По-видимому, предполагаю я, это было одно из последних боевых действий организованных горцев, так как примерно около этого времени, а именно 13 (1) апреля, наши войска заняли резиденцию вождя горских племен знаменитого Шамиля аул Ведено, из которого Шамиль бежал в свое последнее пристанище — высокогорный аул Гуниб, где 25 августа по старому стилю и был взят в плен.
«В начале июля прибыл к нам новый командир полка Петр Васильевич Шафиров из Брестского полка: маленький, толстенький, неженатый. Вслед затем был получен официальный приказ по армии об отчислении Чихачева. Началась сдача полка».
«Забыл сказать, что немного ранее этого получилось распоряжение продать вещи и имущество умершего капитана Завадского. Аукцион устроен был на дворе Надеждинского. Я купил тарантас покойного капитана и некоторую сбрую. Свою же кибитку, о которой упоминал раньше, я продал. Тарантас оказался совершенно исправным. Я поставил его вместе с полковым обозом...»
Заканчивалась мучительно долгая, кровавая война по завоеванию Кавказа, а молодой поручик, мой дедушка, наряду со своими служебными ротными делами не забывал обзаводиться собственным хозяйством, как бы предчувствуя близкий конец холостой жизни, хотя знакомство с будущей супругой еще скрывалось в туманном будущем.
А тем временем полковая жизнь, как любил часто упоминать дедушка, «шла своим порядком».
«Получился приказ о переводе князя Руслева и Чиляева в войска города Тифлиса, куда они оба после прощального обеда и отправились».
«С 600 выбранных солдат в кавказскую армию послан был мой друг поручик Горбоконь, о котором мне еще придется много раз упоминать. Перед самым своим уходом Горбоконь продал мне своего бурого коня. Таким образом, у меня было уже два коня и тарантас».
Знал ли дедушка, что когда-то в отдаленном будущем его внук, маленький мальчик с круглым японским личиком и жесткими черными, коротко остриженными волосами, будет запрягать в опрокинутый стул своих игрушечных лошадок Лимончика и Кудлатку, как бы повторяя небольшой эпизод из жизни своего деда?
«Стал приучать бурого ходить на пристяжке».
«Время шло, а с ним приготовления к выступлению. Ждали только прихода резервного кавказского батальона. Сходил я с колонною на каменномостное укрепление, где получил крупу и муку для десятидневного запаса. По приходе назад наши роты стали печь сухари, старую крупу расходовать, а новую сохранять на поход. 12 июля в сильный дождь пришли резервные. 23-го производилась сдача им наших позиций. 24 июля в 12 часов мы выступили на Каменный Мост».
«До выхода произошла продажа некоторого имущества Чихачева. Я купил его старого толстого верхового коня и шлею — за 10 рублей, теперь у меня были тройка и тарантас!»
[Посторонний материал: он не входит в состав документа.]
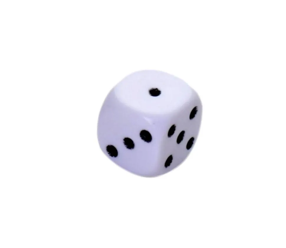 Dé blanc classique 1 x 1 cm de côté numérotés de 1 à 6 avec des points noirs. Dé de qualité.

«Ехать можно!» — в восторге восклицает дедушка, коего мечта о собственной тройке наконец осуществилась.
«Батальон шел впереди, а мы, штабные, ехали позади. (Дедушка на своей тройке**!) Переход был небольшой, всего 10 верст. Дело шло к вечеру. Луна освещала дорогу. На Каменном Мосту ночевали. Батальон впереди выставил цепь, а мы с экипажами стали под стенами укрепления. Ночь прошла тихо. Луна сияла. Утро наступило ясное. В 8 часов пошли далее. На Каменном Мосту к нам присоединился 2-й батальон.** В станице Кардафской присоединился также и 3-й батальон. Отсюда мы пошли целым полком. Шли с осторожностью, выставив сторожевое охранение, до Прочного Окопа, где, перейдя реку Кубань, сдали все оружие и далее шли с палочками».
«Все пошло своим чередом: движение, ночевки, дневки — все дальше и дальше от Кавказа. Уже давно скрылись из глаз их снежные вершины, их ущелья, полные опасностей. Прошли Аксай, подошли к Мариуполю».
«Город приморский на берегу Азовского моря, здания каменные. По всему видно, что среди жителей процветает коммерция. Жители в большинстве греки и евреи. Тепло. Погода пока хорошая. За Мариуполем в одном селе нас встретил командир 5-го корпуса генерал-адъютант Безак. На следующий день он назначил смотр обоза и лошадей».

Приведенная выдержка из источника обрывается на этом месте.